I am a US citizen and taxpayer currently residing outside of the United States. This year, I will be require to live and work in Los Angeles from October 2015 – March 2016, and due to the terms of my contract, will not be provided healthcare during this period through my employer (The University of California Los Angeles).
I have three questions:
(1) Is it possible for me to apply for Obamacare for coverage ONLY during my time in the U.S.?
(2) If I arrange alternate insurance coverage only for the time that I am physically in the United States, will I incur a penalty when filing my 2015 return?
(3) What is the recommended way for me to ensure that I am covered during my stay and to avoid the tax penalty?

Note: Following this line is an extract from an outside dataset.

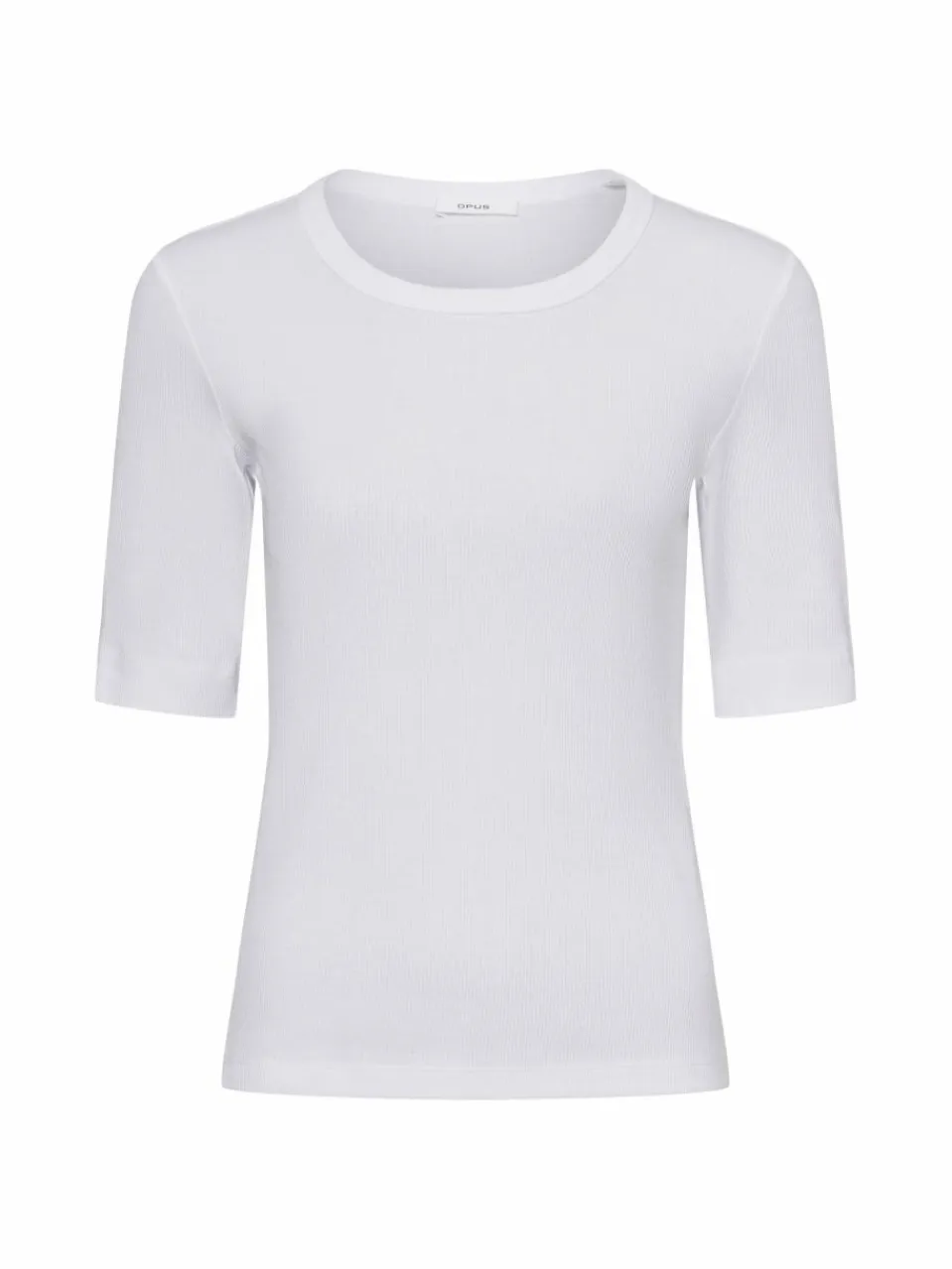 Das T-shirt Sustafa von Opus ist ein lässiges Rippshirt mit schmaler Passform, klassischem Rundhals und angenehm leichtem Material.

Thanks in advance for your reply.
If you are a US citizen you can get covered using ObamaCare's health insurance exchange when you move to the US and cancel your plan when you leave. You'll simply use special enrollment to enroll in a health plan and then cancel the plan when you leave again. The issue is that you are required to have coverage, pay a fee, or get an exemption not just for months you live here, but for all months in a year in which you are required to file taxes in the US. So you'll have to take an exemption for the remaining months in the year.
Below are the exemptions you can take as a citizen living aboard:
Citizens living abroad and certain noncitizens can claim an exemption on form 8965 - If they are:
- A U.S. citizen or resident who spent at least 330 full days outside of the U.S. during a 12-month period;
- A U.S. citizen who was a bona fide resident of a foreign country or U.S. territory;
- A resident alien who was a citizen of a foreign country with which the U.S. has an income tax treaty with a nondiscrimination clause, and you were a bona fide resident of a foreign country for the tax year; or
- Not a U.S. citizen, not a U.S. national, and not an alien lawfully present in the U.S. (For this purpose, an immigrant with Deferred Action for Childhood Arrivals (DACA) status is not considered lawfully present and therefore is eligible for this exemption.)
If you meet one of these conditions, you qualify for this exemption even if you have a social security number (SSN).
If none of these exemptions apply to you then you can look into other exemptions on the 8965 form.